In response, Gianforte testified that such a person could work light jobs, including hand-presser (approximately 1,200 jobs), coin operated laundry attendant (approximately 1,500 jobs), and self service store attendant (approximately 3,000 jobs). (Id. at 488-89.) Gianforte also testified that there are some medium jobs with the same limitations, including steam pressing machine operator (approximately 1,200 jobs), automatic presser (approximately 1,200 jobs), and kitchen helper (approximately 3,000 jobs). (Id. at 489.)

ALJ's DECISION

The ALJ evaluated Dornseif's application under the five-step sequential analysis, and at step one, found that Dornseif had not engaged in substantial gainful activity since January 1, 2006, which was the alleged onset date. (Id. at 14.) At step two, the ALJ concluded that Dornseif had the following severe impairments: (1) seizure disorder; (2) history of left knee dislocation; and (3) vascular insufficiency with status post bypass surgery. (Id. at 15.) At step three, the ALJ determined that Dornseif did not have an impairment or a combination of impairments that met or medically equaled one of the list impairments in 20 C.F.R. § 404, Subpart P, Appendix 1. (Id. at 16.) The ALJ then proceeded to consider Dornseif's RFC concluding that Dornseif had the RFC to perform medium work as defined in 20 C.F.R. §§ 404.1567(c) and 416.967(c), but that Dornseif is limited to work that involves only occasional climbing, kneeling, balancing, stooping, crawling, and crouching. (Id. at 16-17.) Also, the ALJ determined that Dornseif should avoid concentrated exposure to hazards and dangerous machinery. (Id. at 17.) At step four, the ALJ determined that Dornseif had no past relevant work experience, and at step five, the ALJ concluded that there are jobs that exist in significant numbers in the national economy which Dornseif can perform. (Id. at 22-23) Accordingly, the ALJ determined that Dornseif was not disabled under the Social Security Act. (Id. at 23.)

LEGAL STANDARDS

I. Standard of Review

"Courts have the statutory power to affirm, reverse, or modify the Social Security Administration's decision, with or without remanding the case for further proceedings." Allord v.
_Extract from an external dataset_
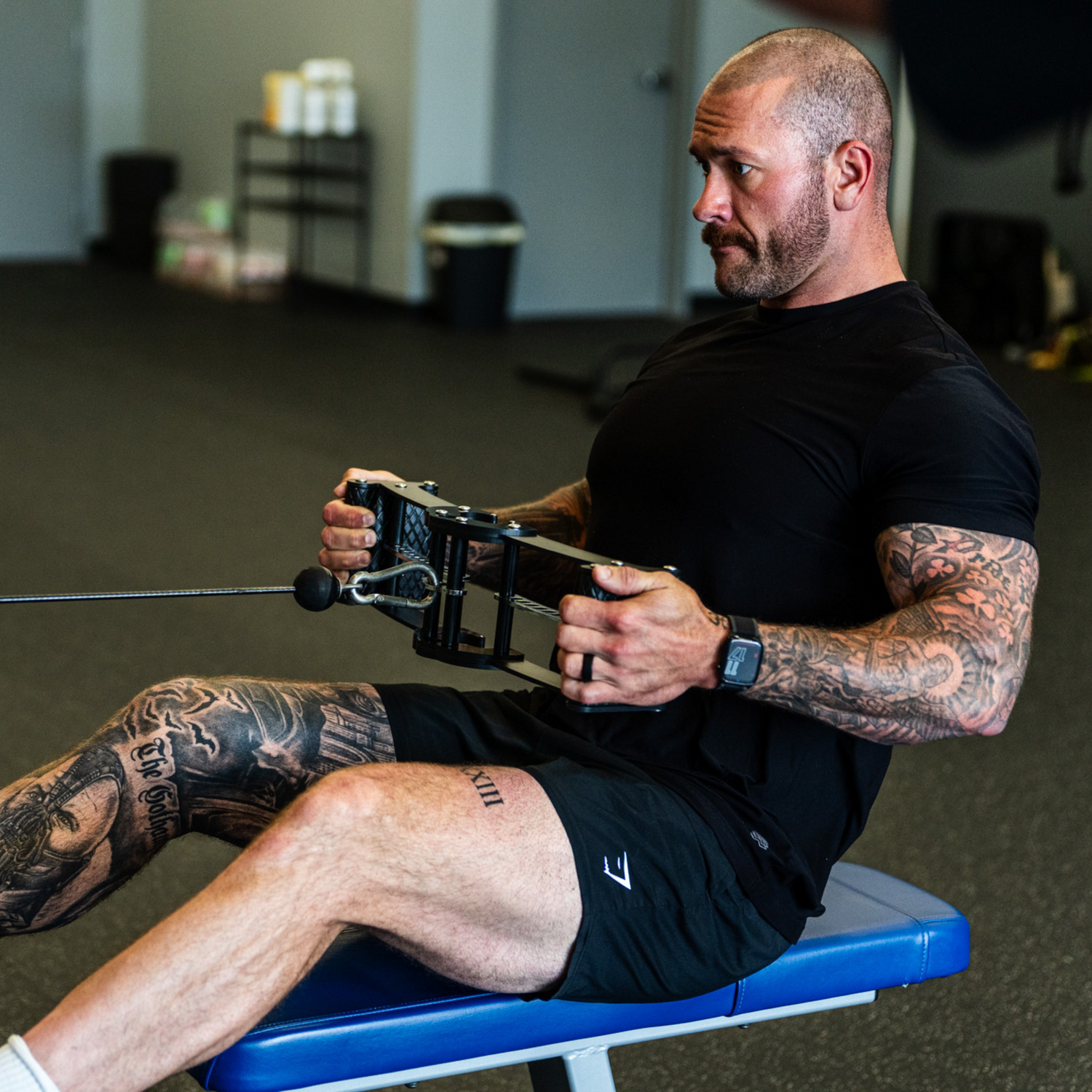 Use the pad grips or the multi grip attachment for landmine rows with optimal range of motion and joint mobility.

Astrue, 631 F.3d 411, 415 (7th Cir. 2011). Because the Appeals Council denied Dornseif's request for review, the Court reviews the ALJ's decision as the Commissioner's final decision. See id.; Schaaf v. Astrue, 602 F.3d 869, 874 (7th Cir. 2010). The Court will uphold the Commissioner's decision if the ALJ applied the correct legal standards and substantial evidence supports the decision. See Jelinek v. Astrue, 662 F.3d 805, 811 (7th Cir. 2011); Campbell v. Astrue, 627 F.3d 299, 306 (7th Cir. 2010). "When reviewing for substantial evidence, [courts] do not displace the ALJ's judgment by reconsidering facts or evidence or making credibility determinations." Castile v. Astrue, 617 F.3d 923, 926 (7th Cir. 2010) (citation omitted).

II. Disability Standard

A person is disabled for purposes of DIB and SSI if there is an "inability to engage in any substantial gainful activity by reason of any medically determinable physical or mental impairment which can be expected to result in death or which has lasted or can be expected to last for a continuous period of not less than 12 months." 42 U.S.C. § 423(d)(1)(A); see also Weatherbee v. Astrue, 649 F.3d 565, 568 (7th Cir. 2011). Also, to qualify for DIB "a claimant must show that the disability arose while he or she was insured for benefits." Liskowitz v. Astrue, 559 F.3d 736, 740 (7th Cir. 2009); also Allord, 631 F.3d at 416. To qualify for SSI, a claimant must establish that she has limited means as defined by 42 U.S.C. § 1382(a). See Liskowitz, 559 F.3d at 740 n.2.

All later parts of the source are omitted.